Excerpts from a dataset
____________

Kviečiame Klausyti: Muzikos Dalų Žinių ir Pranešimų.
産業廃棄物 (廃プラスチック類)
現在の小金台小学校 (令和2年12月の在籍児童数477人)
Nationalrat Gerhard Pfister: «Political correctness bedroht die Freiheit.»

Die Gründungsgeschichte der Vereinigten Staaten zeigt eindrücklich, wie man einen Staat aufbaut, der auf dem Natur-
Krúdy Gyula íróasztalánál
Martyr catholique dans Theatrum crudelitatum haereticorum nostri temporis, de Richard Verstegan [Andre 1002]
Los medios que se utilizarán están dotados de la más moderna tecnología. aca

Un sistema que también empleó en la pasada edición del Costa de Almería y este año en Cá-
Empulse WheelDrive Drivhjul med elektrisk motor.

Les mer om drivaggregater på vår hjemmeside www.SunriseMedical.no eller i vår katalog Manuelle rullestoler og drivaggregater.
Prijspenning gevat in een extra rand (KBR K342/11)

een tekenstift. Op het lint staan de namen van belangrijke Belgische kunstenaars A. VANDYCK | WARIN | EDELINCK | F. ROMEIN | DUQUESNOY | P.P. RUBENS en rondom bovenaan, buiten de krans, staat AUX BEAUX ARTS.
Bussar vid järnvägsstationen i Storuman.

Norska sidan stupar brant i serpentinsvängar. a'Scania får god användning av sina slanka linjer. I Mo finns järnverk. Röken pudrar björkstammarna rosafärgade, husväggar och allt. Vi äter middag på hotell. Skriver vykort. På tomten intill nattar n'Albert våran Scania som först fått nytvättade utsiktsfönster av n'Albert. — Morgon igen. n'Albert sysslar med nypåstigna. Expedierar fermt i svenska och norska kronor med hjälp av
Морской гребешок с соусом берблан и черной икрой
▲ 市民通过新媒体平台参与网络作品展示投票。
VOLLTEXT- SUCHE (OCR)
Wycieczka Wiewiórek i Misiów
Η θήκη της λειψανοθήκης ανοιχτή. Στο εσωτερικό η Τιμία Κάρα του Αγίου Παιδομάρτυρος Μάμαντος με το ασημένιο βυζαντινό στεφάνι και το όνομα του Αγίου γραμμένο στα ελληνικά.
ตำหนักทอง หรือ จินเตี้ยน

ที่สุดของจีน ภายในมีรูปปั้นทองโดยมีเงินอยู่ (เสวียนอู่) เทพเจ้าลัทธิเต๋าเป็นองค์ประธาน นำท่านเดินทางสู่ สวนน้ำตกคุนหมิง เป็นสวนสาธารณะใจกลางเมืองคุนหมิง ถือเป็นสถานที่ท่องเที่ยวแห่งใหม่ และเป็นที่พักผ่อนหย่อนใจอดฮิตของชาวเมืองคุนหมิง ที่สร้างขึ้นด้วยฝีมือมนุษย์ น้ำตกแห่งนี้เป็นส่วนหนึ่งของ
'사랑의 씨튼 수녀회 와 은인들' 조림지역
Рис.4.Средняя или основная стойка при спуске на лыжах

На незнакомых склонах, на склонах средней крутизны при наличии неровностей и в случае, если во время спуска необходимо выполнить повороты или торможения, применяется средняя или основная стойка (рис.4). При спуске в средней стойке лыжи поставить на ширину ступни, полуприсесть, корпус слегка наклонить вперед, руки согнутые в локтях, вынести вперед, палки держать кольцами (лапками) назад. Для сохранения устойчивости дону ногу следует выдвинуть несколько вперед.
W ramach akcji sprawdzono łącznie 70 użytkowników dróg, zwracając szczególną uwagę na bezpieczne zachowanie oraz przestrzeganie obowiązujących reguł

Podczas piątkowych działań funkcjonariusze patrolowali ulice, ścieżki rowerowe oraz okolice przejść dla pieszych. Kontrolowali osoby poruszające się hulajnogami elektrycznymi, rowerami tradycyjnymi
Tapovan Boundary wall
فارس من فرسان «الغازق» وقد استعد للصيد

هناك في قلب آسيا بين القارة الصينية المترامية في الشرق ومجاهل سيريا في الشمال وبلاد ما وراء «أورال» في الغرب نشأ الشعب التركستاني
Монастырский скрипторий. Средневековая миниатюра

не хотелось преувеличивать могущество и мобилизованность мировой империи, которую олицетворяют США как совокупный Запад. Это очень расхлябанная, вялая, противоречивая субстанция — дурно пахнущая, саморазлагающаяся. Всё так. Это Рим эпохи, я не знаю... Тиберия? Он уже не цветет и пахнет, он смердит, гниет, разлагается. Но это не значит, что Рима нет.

____________

## Task statement
From the data above, copy each line exactly.

## Solution for this exercise
Kviečiame Klausyti: Muzikos Dalų Žinių ir Pranešimų.
産業廃棄物 (廃プラスチック類)
現在の小金台小学校 (令和2年12月の在籍児童数477人)
Nationalrat Gerhard Pfister: «Political correctness bedroht die Freiheit.»

Die Gründungsgeschichte der Vereinigten Staaten zeigt eindrücklich, wie man einen Staat aufbaut, der auf dem Natur-
Krúdy Gyula íróasztalánál
Martyr catholique dans Theatrum crudelitatum haereticorum nostri temporis, de Richard Verstegan [Andre 1002]
Los medios que se utilizarán están dotados de la más moderna tecnología. aca

Un sistema que también empleó en la pasada edición del Costa de Almería y este año en Cá-
Empulse WheelDrive Drivhjul med elektrisk motor.

Les mer om drivaggregater på vår hjemmeside www.SunriseMedical.no eller i vår katalog Manuelle rullestoler og drivaggregater.
Prijspenning gevat in een extra rand (KBR K342/11)

een tekenstift. Op het lint staan de namen van belangrijke Belgische kunstenaars A. VANDYCK | WARIN | EDELINCK | F. ROMEIN | DUQUESNOY | P.P. RUBENS en rondom bovenaan, buiten de krans, staat AUX BEAUX ARTS.
Bussar vid järnvägsstationen i Storuman.

Norska sidan stupar brant i serpentinsvängar. a'Scania får god användning av sina slanka linjer. I Mo finns järnverk. Röken pudrar björkstammarna rosafärgade, husväggar och allt. Vi äter middag på hotell. Skriver vykort. På tomten intill nattar n'Albert våran Scania som först fått nytvättade utsiktsfönster av n'Albert. — Morgon igen. n'Albert sysslar med nypåstigna. Expedierar fermt i svenska och norska kronor med hjälp av
Морской гребешок с соусом берблан и черной икрой
▲ 市民通过新媒体平台参与网络作品展示投票。
VOLLTEXT- SUCHE (OCR)
Wycieczka Wiewiórek i Misiów
Η θήκη της λειψανοθήκης ανοιχτή. Στο εσωτερικό η Τιμία Κάρα του Αγίου Παιδομάρτυρος Μάμαντος με το ασημένιο βυζαντινό στεφάνι και το όνομα του Αγίου γραμμένο στα ελληνικά.
ตำหนักทอง หรือ จินเตี้ยน

ที่สุดของจีน ภายในมีรูปปั้นทองโดยมีเงินอยู่ (เสวียนอู่) เทพเจ้าลัทธิเต๋าเป็นองค์ประธาน นำท่านเดินทางสู่ สวนน้ำตกคุนหมิง เป็นสวนสาธารณะใจกลางเมืองคุนหมิง ถือเป็นสถานที่ท่องเที่ยวแห่งใหม่ และเป็นที่พักผ่อนหย่อนใจอดฮิตของชาวเมืองคุนหมิง ที่สร้างขึ้นด้วยฝีมือมนุษย์ น้ำตกแห่งนี้เป็นส่วนหนึ่งของ
'사랑의 씨튼 수녀회 와 은인들' 조림지역
Рис.4.Средняя или основная стойка при спуске на лыжах

На незнакомых склонах, на склонах средней крутизны при наличии неровностей и в случае, если во время спуска необходимо выполнить повороты или торможения, применяется средняя или основная стойка (рис.4). При спуске в средней стойке лыжи поставить на ширину ступни, полуприсесть, корпус слегка наклонить вперед, руки согнутые в локтях, вынести вперед, палки держать кольцами (лапками) назад. Для сохранения устойчивости дону ногу следует выдвинуть несколько вперед.
W ramach akcji sprawdzono łącznie 70 użytkowników dróg, zwracając szczególną uwagę na bezpieczne zachowanie oraz przestrzeganie obowiązujących reguł

Podczas piątkowych działań funkcjonariusze patrolowali ulice, ścieżki rowerowe oraz okolice przejść dla pieszych. Kontrolowali osoby poruszające się hulajnogami elektrycznymi, rowerami tradycyjnymi
Tapovan Boundary wall
فارس من فرسان «الغازق» وقد استعد للصيد

هناك في قلب آسيا بين القارة الصينية المترامية في الشرق ومجاهل سيريا في الشمال وبلاد ما وراء «أورال» في الغرب نشأ الشعب التركستاني
Монастырский скрипторий. Средневековая миниатюра

не хотелось преувеличивать могущество и мобилизованность мировой империи, которую олицетворяют США как совокупный Запад. Это очень расхлябанная, вялая, противоречивая субстанция — дурно пахнущая, саморазлагающаяся. Всё так. Это Рим эпохи, я не знаю... Тиберия? Он уже не цветет и пахнет, он смердит, гниет, разлагается. Но это не значит, что Рима нет.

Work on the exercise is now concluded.